The second Pisa Conference nine years ago established the frequency of transient reduction of coronary flow, as a cause of angina. Understanding of mechanisms remains very incomplete and there is great overlap between different clinical syndromes. The following facts appear established: Episodes of spontaneous ischemia are frequently asymptomatic and may occur even in patients with classic stable angina of effort: Large coronary arteries exhibit tone; they do not take part in autoregulation: In the presence of advanced organic obstruction, large coronary artery tone may be sufficiently increased by physiological alpha-adrenergic stimulation to provoke ischemia. The following deductions seem justifiable: Clinically, increased large coronary tone can be suspected as a cause of ischemia when there is a background of severe organic coronary narrowing with effort angina, when rest attacks occur in association with stimuli such as cold or isometric stress and when their frequency can be reduced by alpha blockade: Spasm, as distinct from physiological increase in tone, can be suspected when there is minimal organic disease, an absence of effort angina and when attacks are unrelated to stress: The mechanism of spasm is unknown; it may be associated with intimal trauma and probably is more frequent in the presence of early atherosclerotic change: Spasm may be simulated by pseudo-spasm where a physiological increase in tone may cause marked luminal narrowing at a site of still pliable quite mild intimal proliferation; it may be suspected when apparent localised spasm is associated with diffuse acute narrowing of all coronary arteries. Apart from the smooth muscle, acute luminal narrowing with rest angina can result from coronary thrombosis.(ABSTRACT TRUNCATED AT 250 WORDS)

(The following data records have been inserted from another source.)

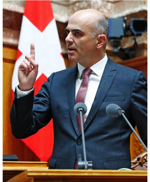
Dentro de poco el Consejero Federal Alain Berset podría lograr imponer "su" reforma.

El Ministro de Asuntos Sociales, Alain Berset (PS), puede ahora figurar en los anales de la historia como el Consejero Federal que ha logrado la primera revisión del AHV/AVS desde los años 90, consolidando así al segundo pilar al reducir la tasa de conversión, decisiva para establecer el monto de las pensiones. Todavía en 2010, el pueblo rechazó con un 72% de los votos la reducción de la tasa de conversión. Por eso,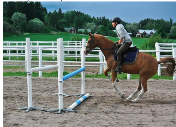
Kuva 4: uusintayrityksellä taas rohkeasti hyppyyn, ratsastajan katse hienosti koko ajan eteenpäin joka kuvassa

Kesäkuu on näin tullut kalkkiviivoilleen, kesää on silti paljon jäljellä. Nautitaan siitä nyt jotta on mitä muistella kun talvella hytistään ja kaivataan helteessä hikoilua, pään ympärillä pörrääviä paarmoja ja kärpäsiä, ojanpenkalla lymyileviä kyykäärmeitä, jatkuvaa nurmikon leikkuuta, yöllä valvottavaa hyttysten ininää..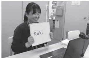
英語サロン(マレーシア文化紹介)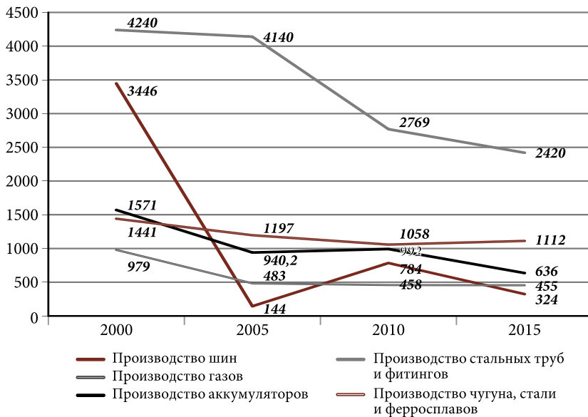
Рис. 2. Динамика индекса Херфиндаля–Хиршмана

Проанализируем показатели дисперсии рыночных долей и монопольной власти (табл. 3). Значения дисперсии (высокое значение показателя) показывает неравномерность распределения рыночных долей между участниками рынка. Согласно проведенному анализу (см. табл. 3), наибольшая неравномерность рыночных долей свойственна таким отраслям, как производство резиновых шин и стальных труб и фитингов.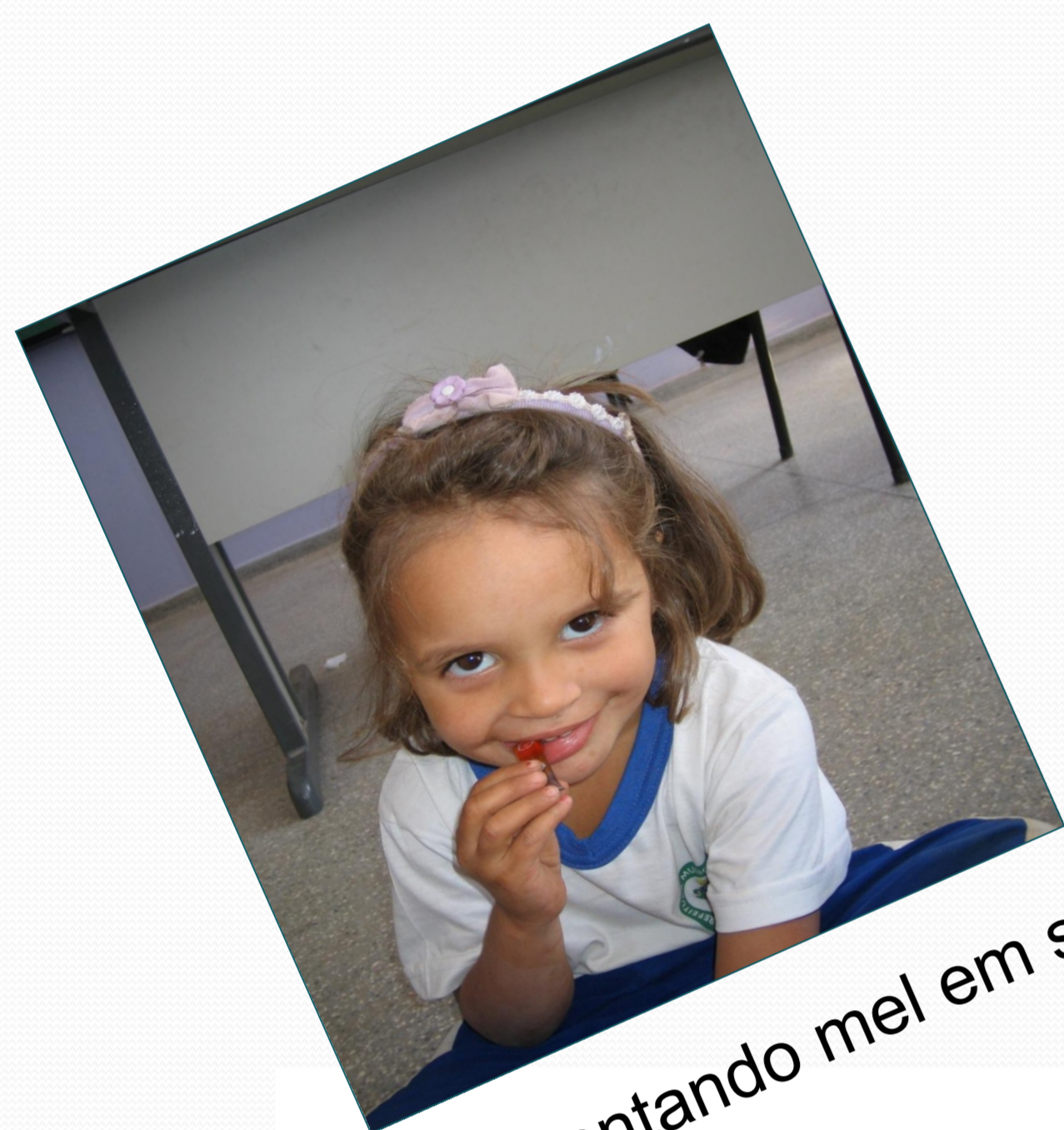
Experimentando mel em sache

O projeto sobre as abelhas, realizado na CEMEI Maria Alice Vaz de Macedo, com crianças de 3 e 4 anos, surgiu da curiosidade dos alunos, após o aparecimento de abelhas no parque. O fato de uma das crianças ser alérgica a picada de abelha também foi um fator que contribuiu para que este tema fosse abordado.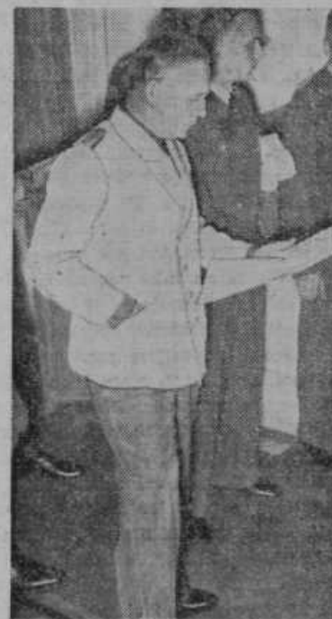
Nemški zunanji minister Ribbentrop pregleduje časniška poročila o premikanju nemških čet na Poljskem

九年前召开的第二届比萨会议确定了冠状动脉血流短暂减少作为心绞痛病因的发生频率。对其机制的理解仍非常不完整,不同临床综合征之间存在很大重叠。以下事实似乎已得到证实:自发性缺血发作常常无症状,甚至可能发生在典型劳力性稳定型心绞痛患者中;大冠状动脉存在张力;它们不参与自身调节;在存在严重器质性阻塞时,生理性α - 肾上腺素能刺激可使大冠状动脉张力充分增加而诱发缺血。以下推论似乎合理:临床上,当存在严重器质性冠状动脉狭窄伴劳力性心绞痛、静息发作与寒冷或等长运动等刺激相关且发作频率可通过α受体阻滞剂降低时,可怀疑大冠状动脉张力增加是缺血的原因;当器质性病变轻微、无劳力性心绞痛且发作与应激无关时,可怀疑痉挛(与生理性张力增加不同);痉挛机制尚不清楚,可能与内膜损伤有关,且在早期动脉粥样硬化改变时可能更常见;在生理性张力增加可能导致仍具柔韧性的相当轻微内膜增生部位出现明显管腔狭窄时,可能存在假性痉挛,从而模拟痉挛,当明显的局部痉挛与所有冠状动脉弥漫性急性狭窄相关时,可怀疑存在假性痉挛。除平滑肌外,静息心绞痛时管腔急性狭窄也可能由冠状动脉血栓形成引起。(摘要截选至250词)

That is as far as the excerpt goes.